In Bohmian QM, the wave function $\psi$ is moving a classical point particle around. Without effort, it could also move a large
ensemble of particles (since there is no back reaction).
Is there a name for this specific interpretation of QM?!
A natural and interesting choice would be an ensemble with the density equal to $|\psi^2|$. That case would be interesting because:
- The wave function would determine the ensemble. ($|\psi^2|$ the density, and Bohm's piloting mechanism the velocity).
- The ensemble (if large enough) would determine the wave function: $|\psi|$ from density and its phase from the collective movement because by Bohm's mechanism that is equal to the probability current $\text{Im}(\psi^* \nabla\psi)$, which then only leaves a total phase factor unknown.
- So it looks like a direct one-to-one correspondence between QM and a classical multiverse.

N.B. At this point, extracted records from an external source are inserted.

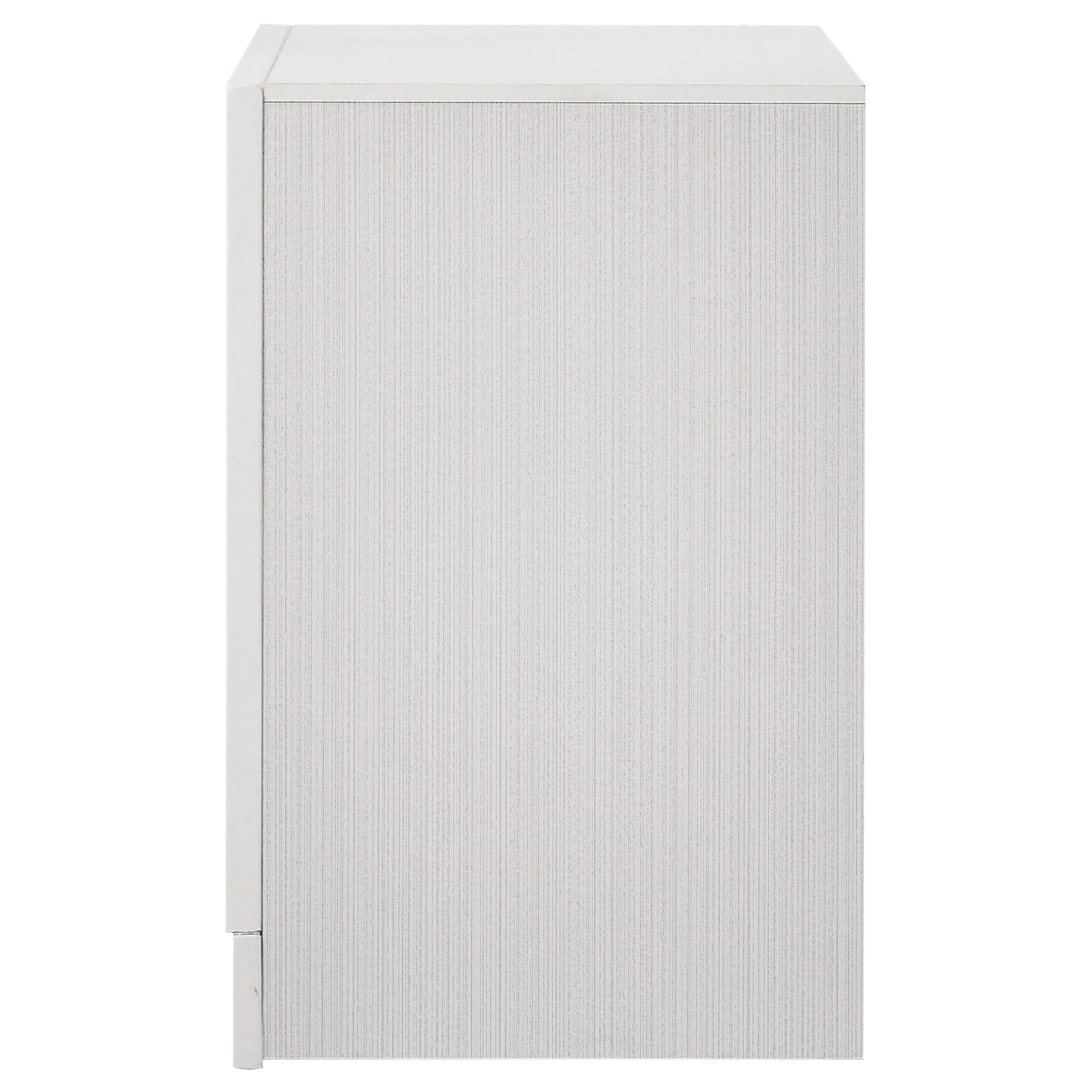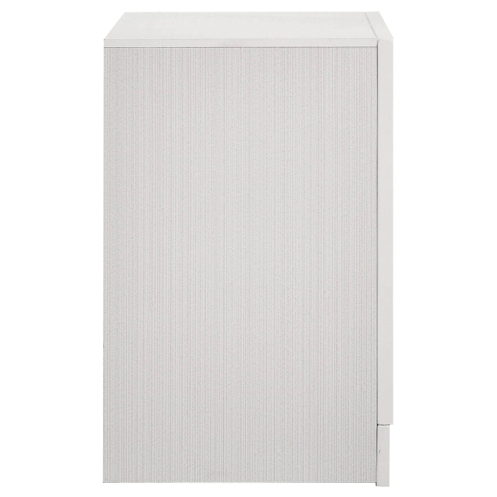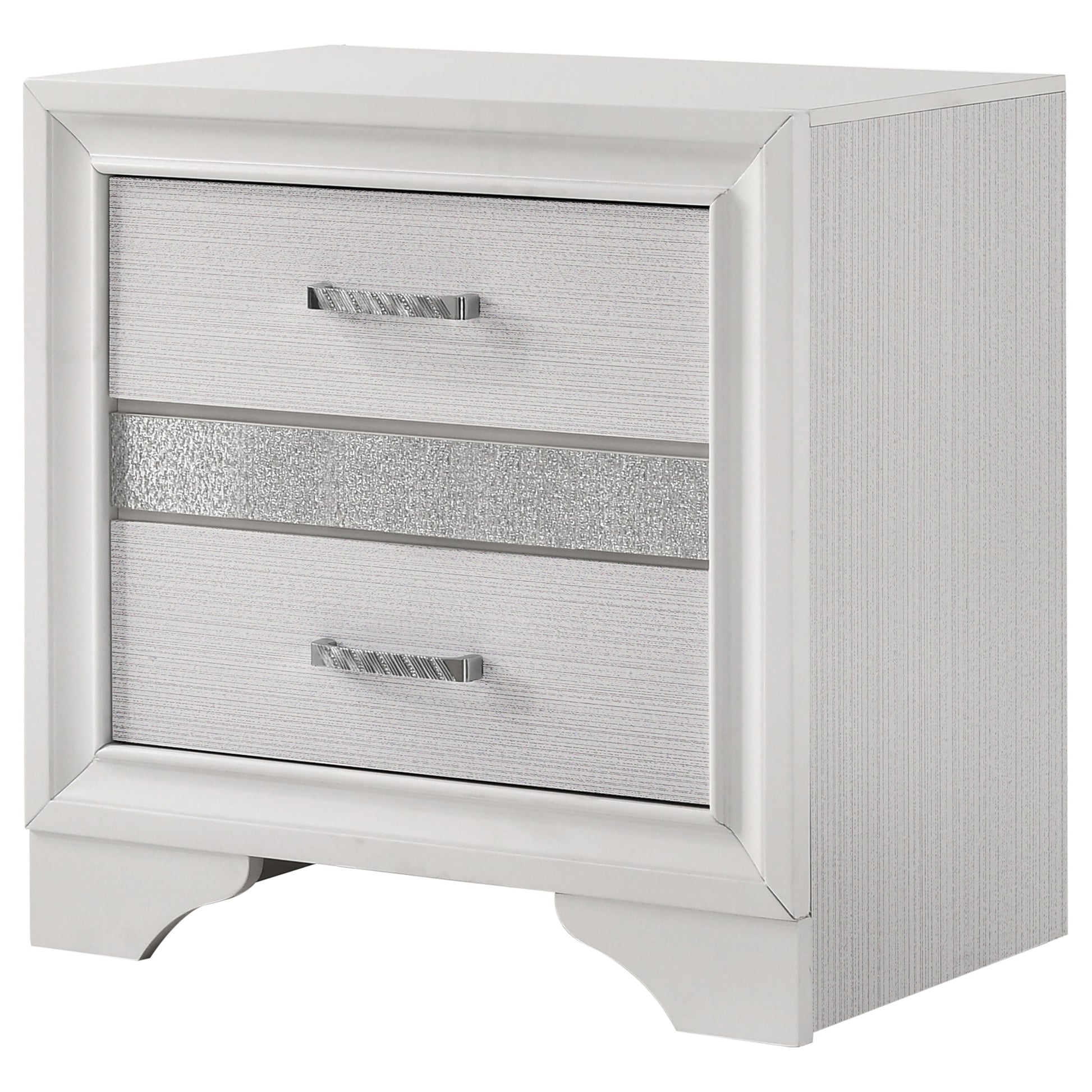 Infused with timeless glamour, this three-drawer nightstand brings refined character to any bedroom. Its linear profile is accented by elegant framing and a glittering center panel that conceals a hidden felt-lined drawer, ideal for delicate accessories. Smooth metal-extension glides ensure effortless drawer operation, while crystal-inspired pulls catch the light with radiant sparkle. Built from engineered wood and finished in a textured laminate veneer, it delivers durability with sophisticated transitional charm.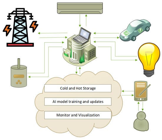 The concept of smart homes aims to not only create environmentally friendly buildings but also promote savings for both inhabitants and distribution network operators (DNOs). Smart buildings are enabled by technologies within the paradigms of the internet of things (IoT), as well as machine learning (ML) and deep learning (DL). IoT-based energy management systems (EMSs) combine sensors, communication protocols, and advanced learning algorithms for the collection of energy and data from homes or industries, enabling information-driven efficient energy use in buildings/homes [4,5,6,7,8]. Similarly, it is necessary to manage other scarce resources in buildings, houses, and industries. Generally, urban and industrial environments use similar technologies for the intelligent management of these resources, as is the case in intelligent water management [9]. Also, important services associated with human activity in buildings and homes are being planned using these technologies, as in the case of waste management [10,11] and garbage collection [12].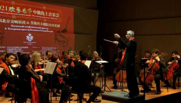 The 2021 China and Russia Happy Chinese New Year online concert will be livestreamed on Feb 10, featuring the Bolshoi Theatre Chamber Orchestra and Beijing Symphony Orchestra, performing from the Chamber Hall of Zaryadye Concert Hall and the concert hall of the National Centre for the Performing Arts.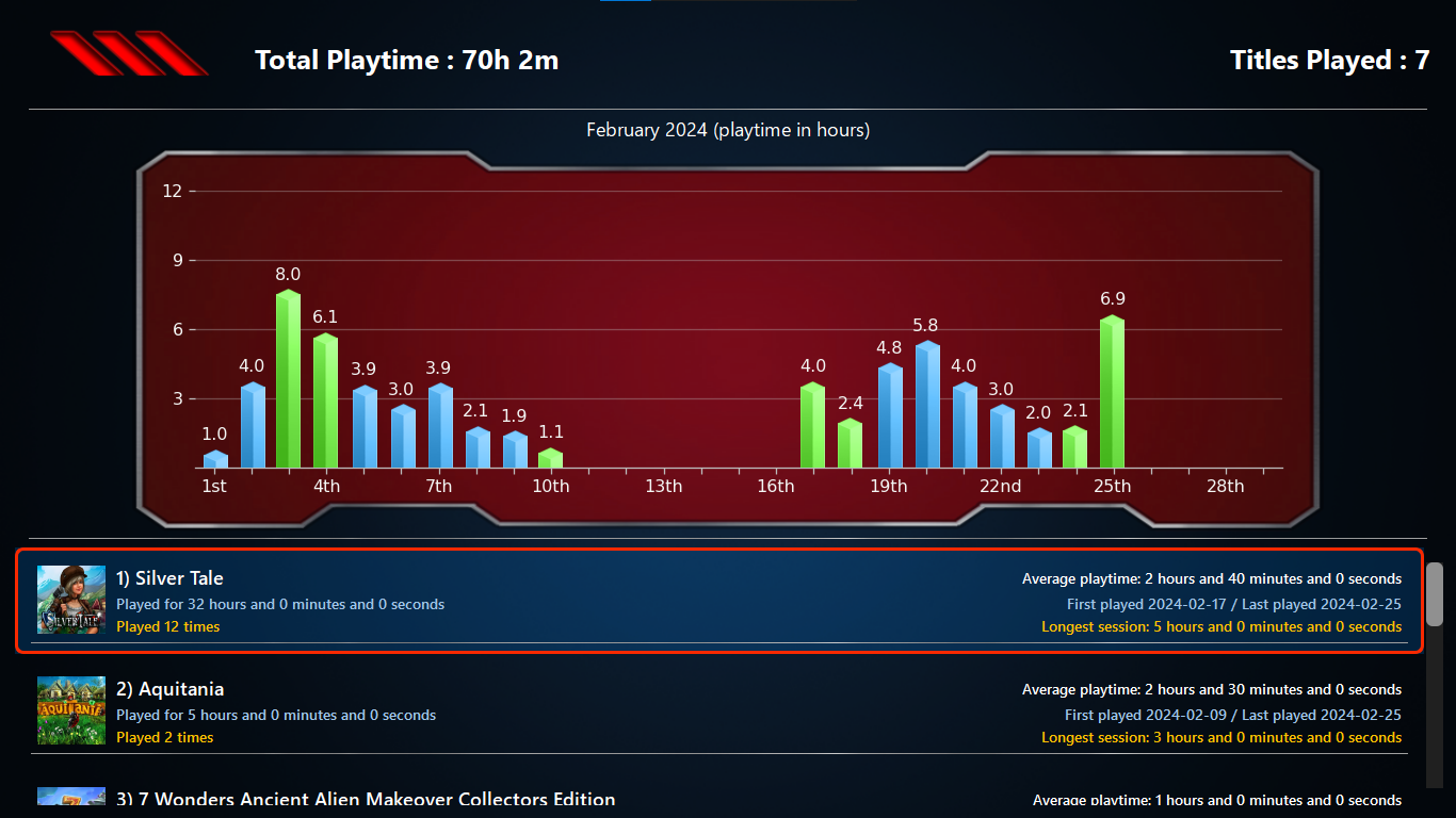 A Windows desktop app that visualizes your gaming history from Playnite's GameActivity logs. It shows period views (Day/Week/Month/Year), All Activity, a per-game Sessions (ledger) view, and a Top Activity overlay. The UI is themable via INI and supports PNG-skinned charts, gamepad input (XInput), and optional SFX/music.This as is inspired by NX-aćtivity log from tallbl0nde

Generalization to multi-particle states, quantum-field wave functionals, and even fermion fields may be a problem, or it may be possible, but as already stated, the question here is simply: What is the name of this QM interpretation? (I don't find anything like "Bohm ensemble theory" or "classical many-worlds" when searching.)
NB: The many states in the ensemble here are already needed for a one-particle wave function, an $N$-particle wave function would of course need a big ensemble of $N$-tuples of particles.